When stress accumulates with little or no relief, a chronic stress pattern develops, often resulting in health problems like high blood pressure, ulcers, increased susceptibility to infections, muscle aches and pains, and heart disease.

Managing stress

It's impossible to completely avoid stress, but you can lessen its impact. Here are some tips to get you started:

  • Develop good time management habits. Plan, set goals, make lists, break big jobs down, avoid distractions and take breaks.
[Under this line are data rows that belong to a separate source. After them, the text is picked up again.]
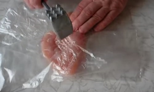 Прикрийте заготівлю харчовою плівкою, трохи відбийте м’ясо кухонним молоточком.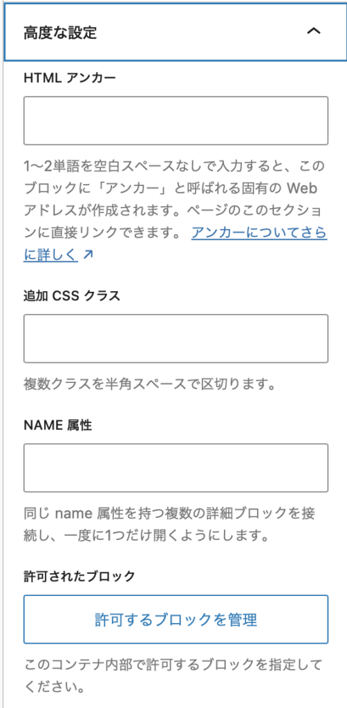 折りたたみの挙動もHTMLを使っているので、特段WP独自のJSやCSSがある訳じゃないです。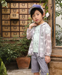 【BeBe (ベベ)】 着るだけで虫よけの効果が得られるインセクトシールド加工を施したパーカー。 通気性に優れたメッシュ素材なので、汗ばむ季節にも最適です。 ダンガリー生地が爽やかなハーフパンツ。 軽い着心地でデイリーユースにピッタリ!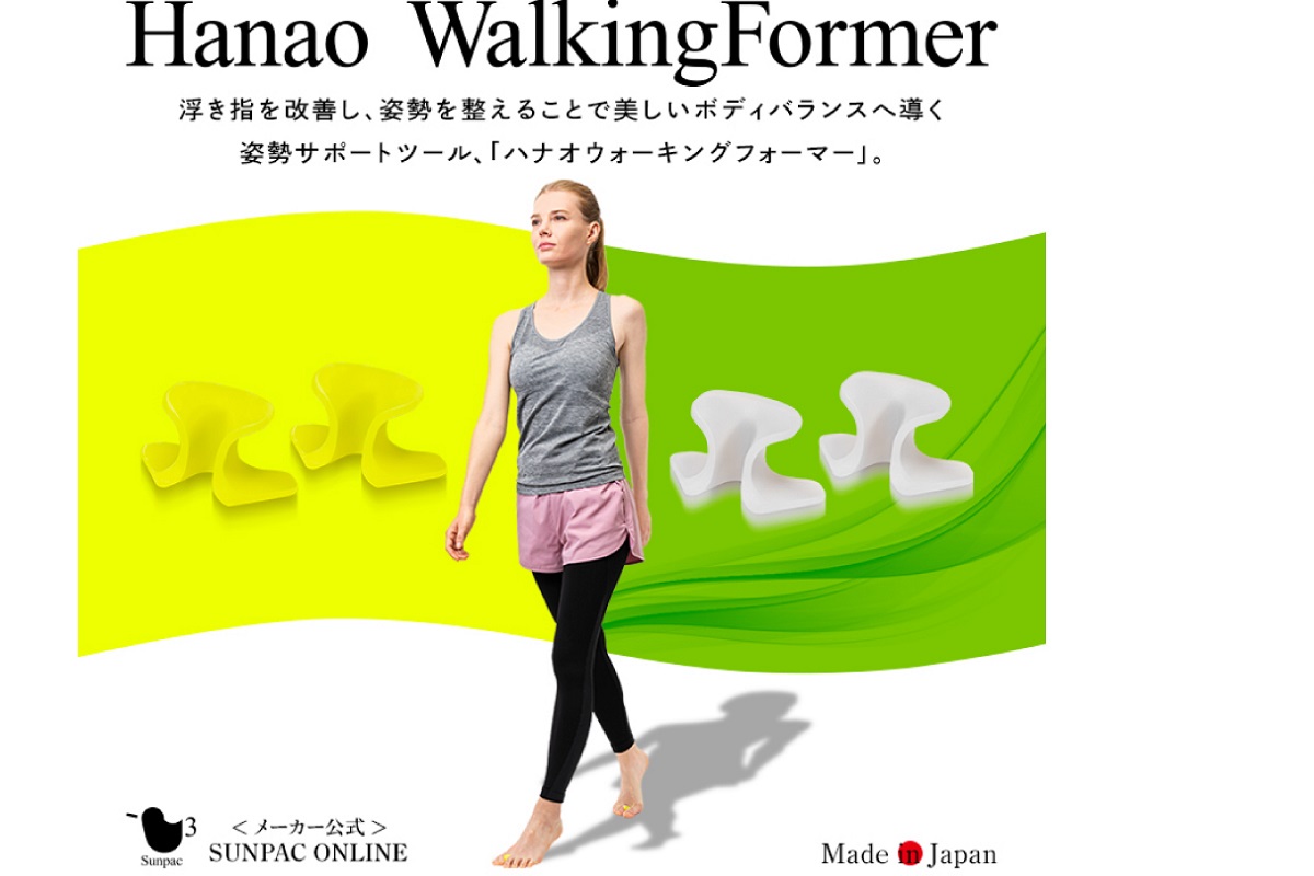 まずはウォーキングフォームから見直したいという人におすすめしたいのが、「ハナオ ウォーキングフォーマー」だ。このアイテムは、足の親指と人差し指の間に挟んで歩くだけで、正しい姿勢が身につくサポートツール。装着することで、重心が前になり、自然と姿勢が改善され、正しいボディバランスに導いてくれるという優れものだ。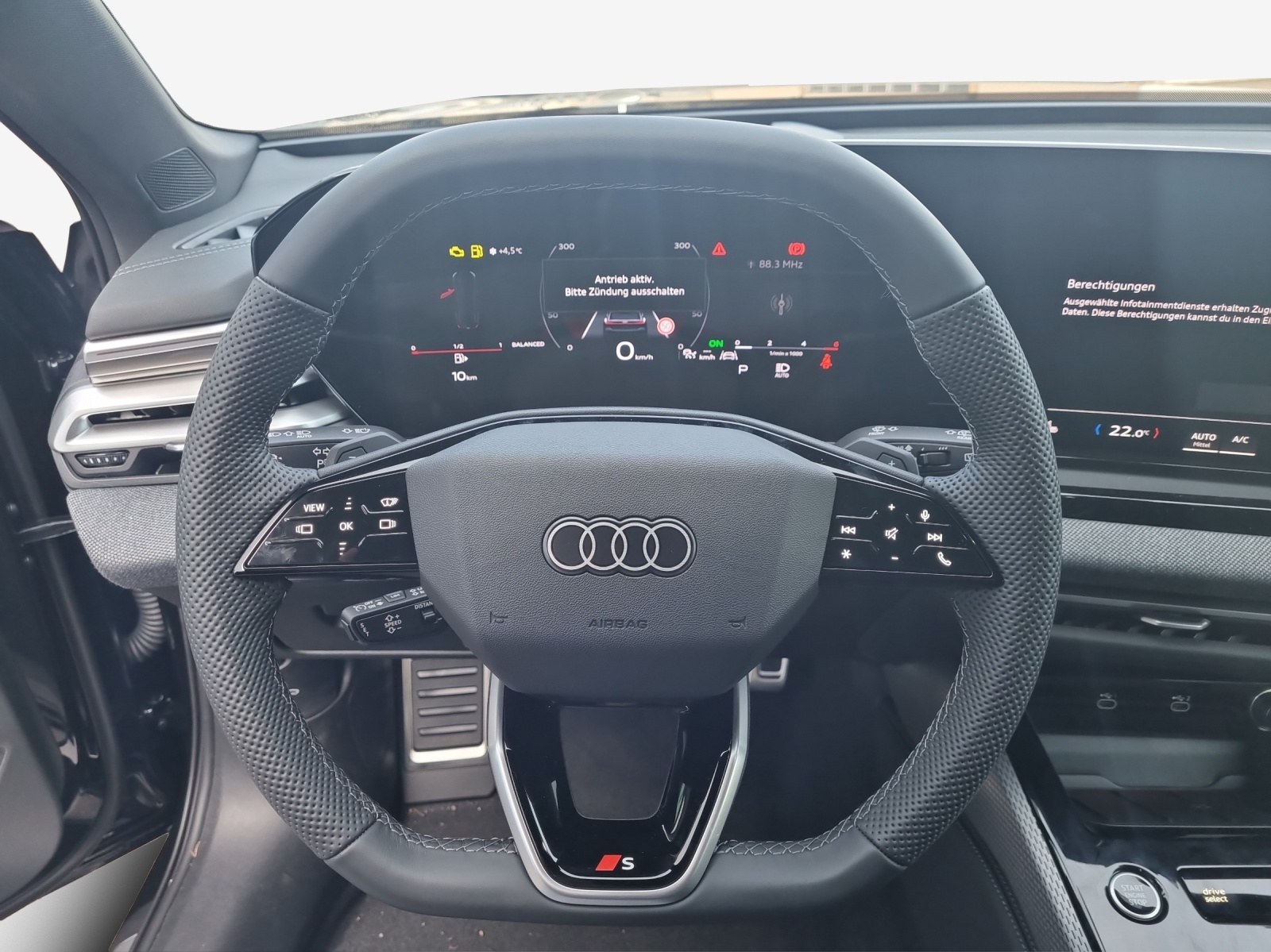 Airbag: Airbag Fahrer und Beifahrer Airbag: Seitenairbags vorn, mit Kopfairbag und Interaktionsairbag vorn Akustisches Fahrzeug-Warnsystem Assist: Ablenkungs- und Müdigkeitserkennung Assist: Adaptiver Geschwindigkeitsassistent Assist: Ausweichassistent und Abbiegeassistent Assist: Einparkhilfe plus mit Distanzanzeige Assist: Kamerabasierte Verkehrszeichenerkennung Assist: Kreuzungsassistent Assist: Notbremsassistent vorn Assist: Parkassistent plus Assist: Spurverlassenswarnung Assist: Traktionskontrolle Assist: Verkehrszeichenbasierter Geschwindigkeitsbegrenzer Audi connect Notruf & Service mit Audi connect Remote & Control Audi virtual cockpit plus Aussenspiegel Fahrerseite asphärisch, Beifahrerseite asphärisch Aussenspiegel elektrisch einstell-, beheiz- und anklappbar, beidseitig automatisch abblendend Aussenspiegel in Wagenfarbe Dachhimmel in Stoff in spezifischer Farbe Dekor: Akzentflächen und Bedientasten schwarz matt Dekor: Aluminiumoptik im Interieur Dekor: Dekoreinlagen Laserstruktur schwarz Dekor: Farbindividualisierung Interieurelemente Audi exclusive Dekor: Interieurapplikationen Aluminiumoptik Dekor: Interieurelemente umlaufend Stoff Impressum Dekor: Interieurelemente umlaufend Stoff Kaskade Einstiegsleisten mit Aluminiumeinlegern vorn Elektrische Fensterheber vorne Elektronisches Stabilitäts-Programm (ESP) Entfall Modellbezeichnung Fahrwerk: Standardfahrwerk Fensterzierleisten Aluminiumoptik Frontscheibe in Wärmeschutz- und Akustikverglasung Funkschlüssel, mit Safelock Funkschlüssel, ohne Safelock Fussmatten vorne und hinten Garantie: Audi Garantie 2 Jahre ohne Kilometerbegrenzung (ab 1. Inv.) Garantie: Audi Swiss Service Package + (ASSP+) Getriebe: 7-Stufen Automatisiertes Schaltgetriebe Innenspiegel automatisch abblendbar Kindersicherung, elektrisch Klima: 3-Zonen-Klimatisierungsautomatik Klima: Ohne Wärmespeicher/Zusatzheizung Lackierung: Uni-Lackierung Lenkrad: Doppelspeichen-Lederlenkrad mit Multifunktion und Schaltwippen Lenkrad: Lenkradapplikation Chromoptik Lenkrad: Lenkradeinstellung manuell Licht: Fernlicht-Assistent Licht: LED-Heckleuchten pro Licht: LED-Scheinwerfer plus Licht: Tagesfahrlicht mit Assistenzfahrlicht u.Coming- u. Leaving-home Funktion automatisch Media: Audi Application Store und Smartphone-Interface Media: Audi connect Navigation & Infotainment Media: Digitaler Radioempfang Media: FOD Funktionen online verfügbar Media: MMI experience plus Media: Navigationsgerät-High Media: USB-Anschlüsse mit Ladefunktion in erster und zweiter Sitzreihe Modellbezeichnung am Heck Paket: Assistenzpaket Fahren und Parken Paket: Klimatisierungspaket Paket: Paket Premium business Räder: Radschrauben Standard Räder: Reifendruck-Kontrollanzeige Räder: Reifenreparatur-Set (Tire Fit) Räder: Räder, 5-Doppelspeichen Scheiben seitlich und hinten in Wärmeschutzverglasung Schlüssel für Schliesssystem mit Fernbedienung Sitze: Kindersitzbefestigung i-Size auf der Beifahrerseite und i-Size und Top Tether Sitze: Sitzbelegungserkennung Sitze: Vordersitze heizbar Sitze: Vordersitze manuell einstellbar Türen: Gepäckraumklappe elektrisch öffnend und schliessend Türen: Türgriffe in Wagenfarbe Verbandmaterial,Warndreieck und Warnveste Wegfahrsperre elektronisch

Don’t procrastinate, and don’t be a perfectionist. It’s important to keep the task in perspective.

  • Exercise is a terrific stress reducer. Set aside time every day to work off your stress.

  • Get enough sleep.

  • Eat a well-balanced diet. Nutrition Services at UHS can help design an eating plan just for you; call (413) 577-5101 for an appointment.
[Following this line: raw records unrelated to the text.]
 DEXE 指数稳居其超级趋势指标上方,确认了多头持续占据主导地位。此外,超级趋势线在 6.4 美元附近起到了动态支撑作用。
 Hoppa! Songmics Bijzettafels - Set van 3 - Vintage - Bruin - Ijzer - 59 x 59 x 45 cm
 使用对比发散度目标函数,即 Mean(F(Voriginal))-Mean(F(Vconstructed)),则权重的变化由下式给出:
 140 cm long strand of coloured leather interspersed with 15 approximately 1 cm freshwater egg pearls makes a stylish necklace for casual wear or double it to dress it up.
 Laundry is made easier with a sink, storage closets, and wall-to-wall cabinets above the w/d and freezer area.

  • Talk about what’s bothering you with a friend, family member or counselor. Call UHS’ Center for Counseling and Psychological Health, (413) 545-2337, for an appointment.

A Deep Breathing Exercise

Pay attention to your breathing. Notice how your abdomen and chest rise and fall with each other.

Place your hand on the part of your abdomen or chest that seems to rise and fall the most with each breath. If this spot is in your chest, you’re not using the lower part of your lungs.

Inhale, filling first the lower part of your lungs, then the middle part, then the upper part. Hold your breath for a few seconds. Exhale slowly. Relax your abdomen and chest.

Exhale through your mouth keeping your mouth, tongue and jaw relaxed. Relax as you focus on the sound and feeling of long, slow, deep breaths.